## TRY IT
An exact transcription of all the data is required, with every image removed.

===== DATASET EXTRACT

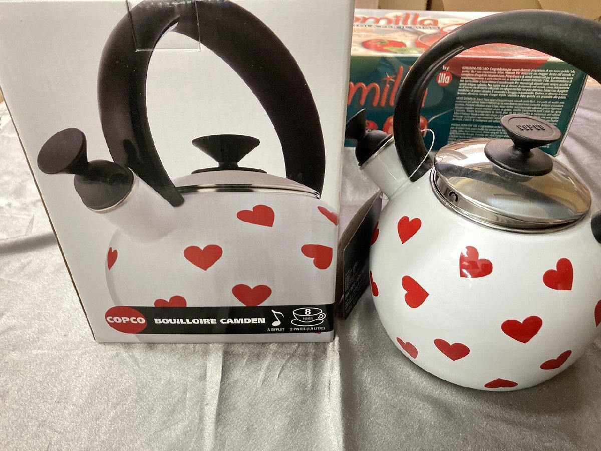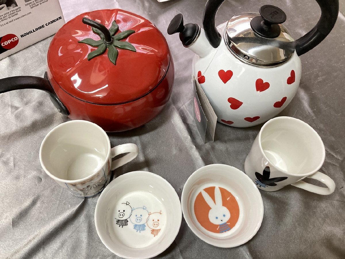 ★ AT ハート柄やかん トマト型小鍋 マグカップ小皿セット×2 まとめ売り シェア 未使用
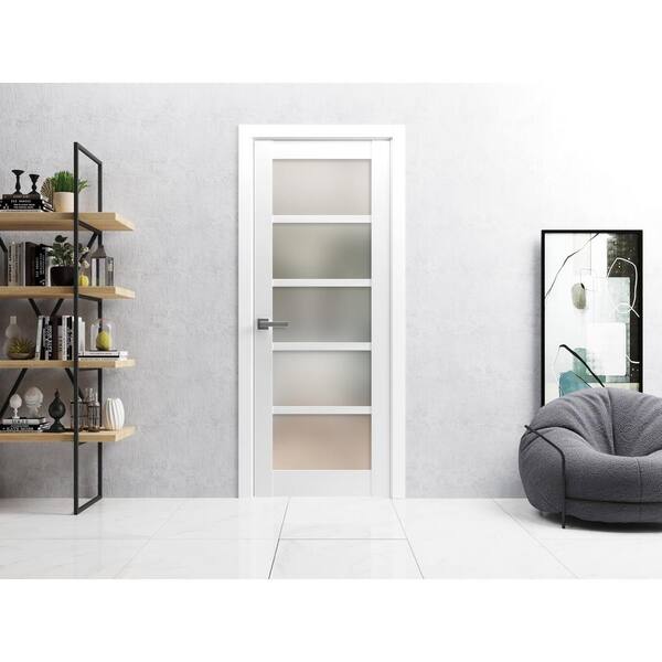 28 in. x 96 in. 1 Panel White Finished Solid MDF Sliding Door with Hardware
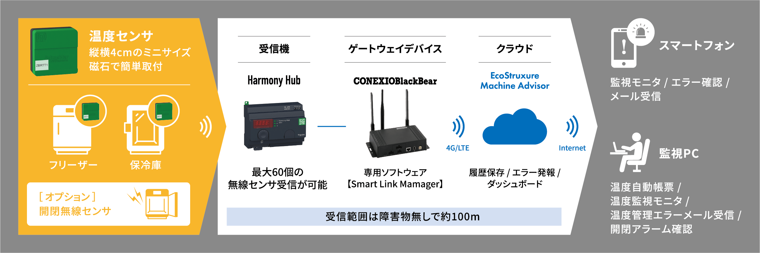 本ソリューションは、主に自社の冷温設備(冷蔵庫、保温庫、冷凍庫、保冷車)の温度チェック、記帳作業を省力化したい医薬品/化学/食品メーカー向けのソリューションで、温度管理を自動化、温度異常のアラート通知をするだけでなく、電力の使用状況やドアの開閉も含めた設備の遠隔監視へ、容易に機能を拡張することができます。
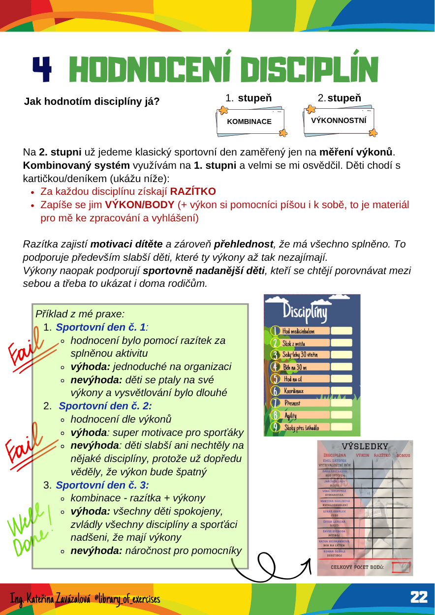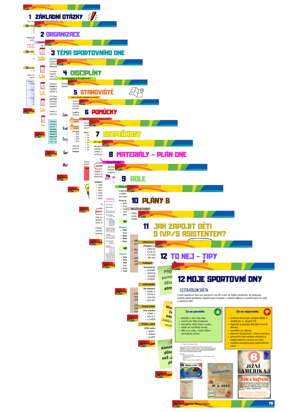 Plán dne a co všechno nachystat, hrací karty vs. sportovní deníky a proč, plakáty, tematické plakáty, diplomy, materiály pro učitele, pro pomocníky, doprovodné materiály ke sportovnímu dni + ukázky mých materiálů (špatných i dobrých)

==========

## EXERCISE RESPONSE
 ★ AT ハート柄やかん トマト型小鍋 マグカップ小皿セット×2 まとめ売り シェア 未使用
 28 in. x 96 in. 1 Panel White Finished Solid MDF Sliding Door with Hardware
 本ソリューションは、主に自社の冷温設備(冷蔵庫、保温庫、冷凍庫、保冷車)の温度チェック、記帳作業を省力化したい医薬品/化学/食品メーカー向けのソリューションで、温度管理を自動化、温度異常のアラート通知をするだけでなく、電力の使用状況やドアの開閉も含めた設備の遠隔監視へ、容易に機能を拡張することができます。
 Plán dne a co všechno nachystat, hrací karty vs. sportovní deníky a proč, plakáty, tematické plakáty, diplomy, materiály pro učitele, pro pomocníky, doprovodné materiály ke sportovnímu dni + ukázky mých materiálů (špatných i dobrých)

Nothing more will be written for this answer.